# [YOUR INSTRUCTIONS]
Although the entries contain pictures, only their words should be duplicated exactly.
• • •
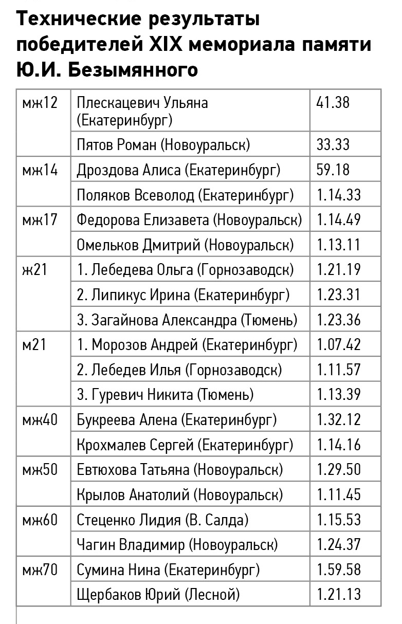 Как сказала дочь Юрия Ивановича Елена, обращаясь к собравшимся, среди которых было более половины юных спортсменов: «Эти соревнования мы проводим для вас, чтобы молодежь знала и помнила, что был такой человек, основавший школу уральского ориентирования, ставшую в дальнейшем известной на весь мир».
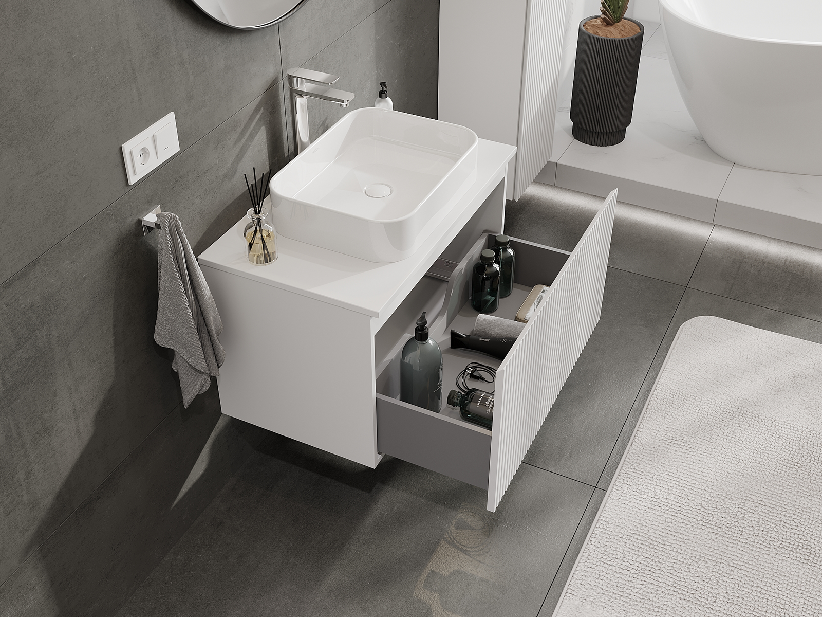 A fiókban lévő kivágás úgy van kialakítva, hogy befogadja a mosdó telepítéseknél szükséges szifont. Ennek köszönhetően a bútor teljesen funkcionálisan felszerelhető anélkül, hogy a fiók terének egy részét fel kellene áldozni a telepítés miatt.
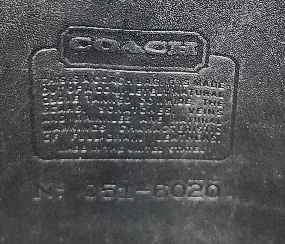 The interior is lined with black suede. The interior is very clean and has the Coach Creed tag on the back. The purse was made in the USA and has the No. 051- 6020. The purse is really roomy with an interior zip pocket. It has a classic look in basic black that will never go out of style.
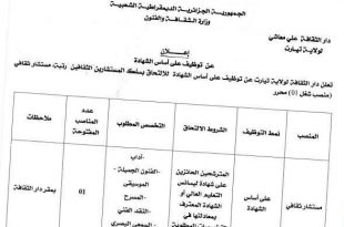 الجمهورية الجزائرية الديمقراطية الشعبية وزارة الثقافة والفنون دار الثقافة علي معاشي لولاية تيارت ads إعلان عن توظيف على أساس الشهادة تعلن دار الثقافة لولاية تيارت عن توظيف على أساس الشهادة للالتحاق بسلك المستشارين الثقافيين رتبة مستشار ثقافي منصب شغل (01) محرر. المنصبعدد المناصب المفتوحةالتخصص …
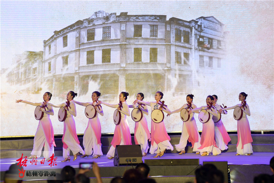 11月12日晚,在市政廣場,演員們表演粵劇舞蹈節目《騎樓情韻》。蒙紹松 攝 開幕式展演上,二度梅花獎獲得者歐凱明、廣東粵劇名家李嘉宜、粵劇骨子腔創始人黎佩儀、廣西梅花獎得主梁素梅等一批粵劇名家名伶同臺獻藝,傾情演繹《胡風漢月兩牽情》《孔雀金裘》《目連救母》等多個優秀粵劇表演劇目,來自市演藝有限責任公司、長洲區文化館等單位的演藝人員精心創排《南粵雄風》《騎樓情韻》《八仙游梧州》等豐富多彩的節目,為現場群眾獻上了一場粵劇視聽盛宴,博得陣陣熱烈的掌聲。演出尾聲,全體演職人員和觀眾起立高唱《我和我的祖國》,將晚會推向高潮。
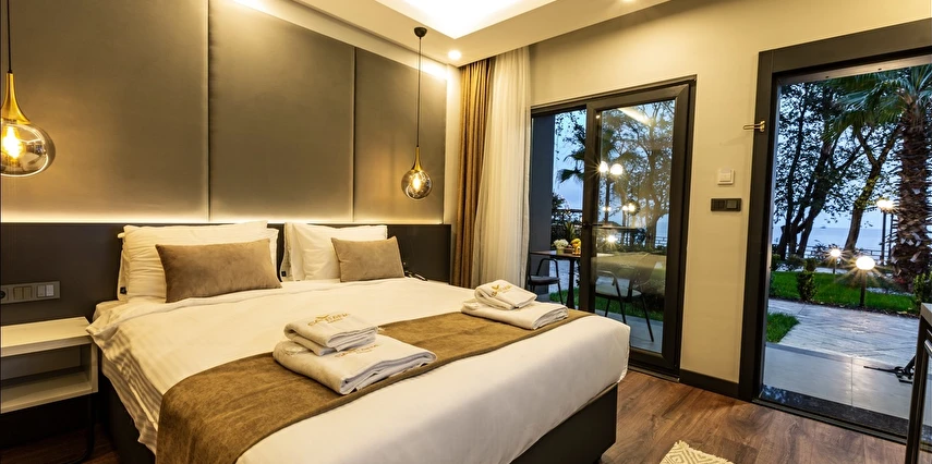Santana bahcenın muaazam görselliği ve dokusu ile denız kıyısında olmanın güzelliği sizlere huzur ve konforu sağlar.1 adet yatak odasından oluşan Standart oda olarak tasarlanmıştır. Ayrıca bağlantılı oda olarak da kullanılabılme özelliğine sahıp olan Elıte Garden ‘da 4 yeişkin konaklayabilmektedir.
• • •
# [RESULT OF THIS TASK]
 Как сказала дочь Юрия Ивановича Елена, обращаясь к собравшимся, среди которых было более половины юных спортсменов: «Эти соревнования мы проводим для вас, чтобы молодежь знала и помнила, что был такой человек, основавший школу уральского ориентирования, ставшую в дальнейшем известной на весь мир».
 A fiókban lévő kivágás úgy van kialakítva, hogy befogadja a mosdó telepítéseknél szükséges szifont. Ennek köszönhetően a bútor teljesen funkcionálisan felszerelhető anélkül, hogy a fiók terének egy részét fel kellene áldozni a telepítés miatt.
 The interior is lined with black suede. The interior is very clean and has the Coach Creed tag on the back. The purse was made in the USA and has the No. 051- 6020. The purse is really roomy with an interior zip pocket. It has a classic look in basic black that will never go out of style.
 الجمهورية الجزائرية الديمقراطية الشعبية وزارة الثقافة والفنون دار الثقافة علي معاشي لولاية تيارت ads إعلان عن توظيف على أساس الشهادة تعلن دار الثقافة لولاية تيارت عن توظيف على أساس الشهادة للالتحاق بسلك المستشارين الثقافيين رتبة مستشار ثقافي منصب شغل (01) محرر. المنصبعدد المناصب المفتوحةالتخصص …
 11月12日晚,在市政廣場,演員們表演粵劇舞蹈節目《騎樓情韻》。蒙紹松 攝 開幕式展演上,二度梅花獎獲得者歐凱明、廣東粵劇名家李嘉宜、粵劇骨子腔創始人黎佩儀、廣西梅花獎得主梁素梅等一批粵劇名家名伶同臺獻藝,傾情演繹《胡風漢月兩牽情》《孔雀金裘》《目連救母》等多個優秀粵劇表演劇目,來自市演藝有限責任公司、長洲區文化館等單位的演藝人員精心創排《南粵雄風》《騎樓情韻》《八仙游梧州》等豐富多彩的節目,為現場群眾獻上了一場粵劇視聽盛宴,博得陣陣熱烈的掌聲。演出尾聲,全體演職人員和觀眾起立高唱《我和我的祖國》,將晚會推向高潮。
Santana bahcenın muaazam görselliği ve dokusu ile denız kıyısında olmanın güzelliği sizlere huzur ve konforu sağlar.1 adet yatak odasından oluşan Standart oda olarak tasarlanmıştır. Ayrıca bağlantılı oda olarak da kullanılabılme özelliğine sahıp olan Elıte Garden ‘da 4 yeişkin konaklayabilmektedir.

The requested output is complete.